Они все равно ее увидели – с набережной на противоположном берегу. А потом еще полчаса что-то кричали, прыгали, улюлюкали и показывали на нее пальцами, пока наконец им это не надоело. Все это время Кати сидела на корточках, обхватив себя руками за плечи, и плакала без слез.
Собак. Не знаю, почему так. Когда я была маленькой, я мечтала о собаке: большой, лохматой, с добрыми глазами. Такой, чтобы можно обнять ее за шею или кататься на ней, как на пони. Сенбернар подошел бы в самый раз. Но потом что-то случилось… Наверняка что-то случилось. Может, меня покусала какая-нибудь шавка, а я об этом забыла? Такое возможно?
Сейчас, если я встречаю собаку, меня трясет, ладони потеют, голос дрожит так, что я двух слов не могу связать. Хочется лишь одного – бежать, и как можно дальше. Спрятаться в какую-нибудь норку, где никакая собака меня не достанет, и сидеть там до скончания дней.
Герберт (мамин приятель) говорит, что я должна учиться справляться со своими страхами. Что я должна ими командовать, а не они мною. Он не понимает или не хочет понимать, что это сильнее меня. Думает, я просто выделываюсь, чтобы привлечь внимание. Я слышала, как он говорил об этом маме. Может, в прошлой жизни я была кошкой? Неспроста же меня назвали Кати?
У нашей соседки есть собака – старый стриженый пудель. Соседка говорит, что это добрейшее существо на земле. Что он и мухи не обидит, а чтобы он кого укусил – в жизни такого не было. Он даже с кошками дружит, и все такое.
Но когда я увидела его в первый раз, когда он побежал ко мне, видимо, чтобы облизать меня с головы до пят, у меня случилась истерика. Будто крышу сорвало. Я орала и вопила.
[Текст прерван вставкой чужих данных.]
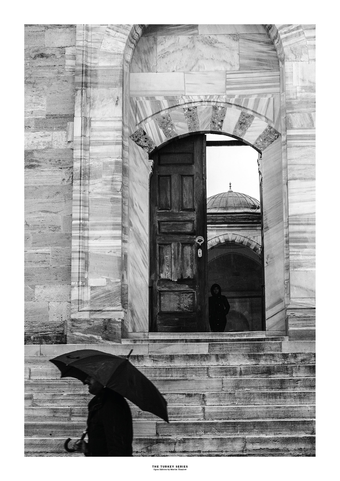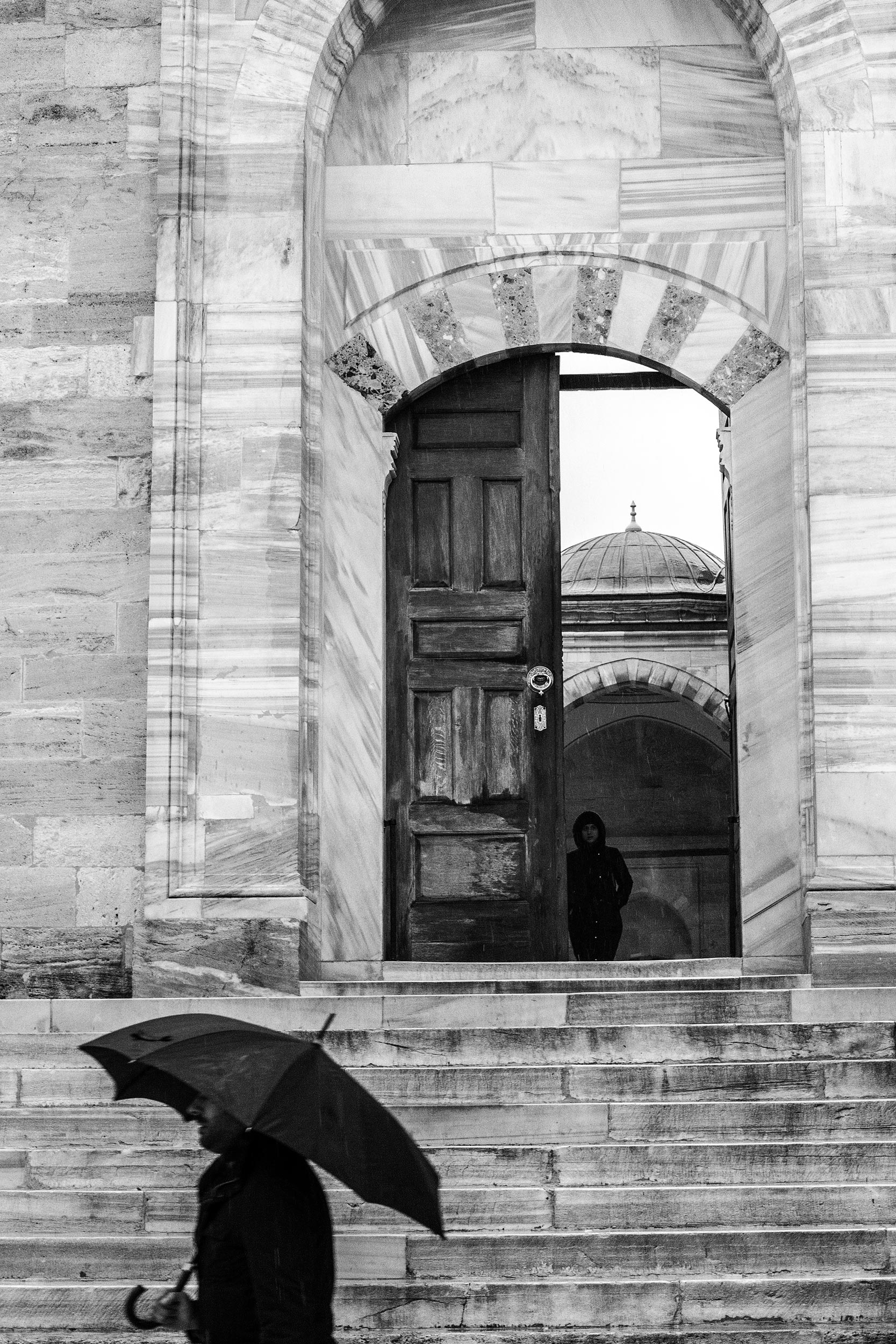 Al Fatih Mosque, a man walking past with an Umbrella.

В общем, как потом сказала мама, вела себя самым неподобающим образом. У соседки, мол, слабое сердце, а от моего визга с ней чуть инфаркт не случился. А как по мне, то лучше бы случился – тогда бы ее шавку увезли бы в собачий приют. Соседка меня ненавидит. Плевать. Главное, чтобы она, вместе со своей псиной, держались от меня подальше.
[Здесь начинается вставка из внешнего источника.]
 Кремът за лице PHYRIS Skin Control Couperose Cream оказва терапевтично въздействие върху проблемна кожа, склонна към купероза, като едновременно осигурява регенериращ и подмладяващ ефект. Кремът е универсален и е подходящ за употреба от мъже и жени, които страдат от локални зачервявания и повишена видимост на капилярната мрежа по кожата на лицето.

А еще я боюсь за маму. Боюсь, что с ней что-нибудь случится, особенно сейчас. Герберт тоже за нее боится, а может, не за нее, а за малыша, и потому гонит меня, как будто я могу ей навредить. Он этого не говорит, но я знаю: он думает, что, если бы меня не существовало, всем было бы лучше. И, если писать здесь только правду, иногда я тоже так думаю.
Тварь из реки
Прошел час, как Лаура с приятелями ушли, а Кати все сидела под мостом. Она не пыталась выбраться самостоятельно или позвать на помощь. Просто сидела и смотрела на ползущую реку, а время словно бы остановилось.
От холода ладони покраснели, и, сколько бы Кати их ни прятала под мышками, это ни капельки не помогало. Кроссовки наглотались воды, а сползшие носки превратились в хлюпающую кашу. Может, и стоило их подтянуть, но Кати не видела в этом никакого смысла. Мокрые ноги? И что с того? Может, даже оно и к лучшему: если ей повезет, наутро она сляжет с воспалением легких. Тогда можно будет с чистой совестью прогулять завтра школу. К тому моменту, как ее выпишут из больницы, глядишь, Лаура и забудет о ее существовании…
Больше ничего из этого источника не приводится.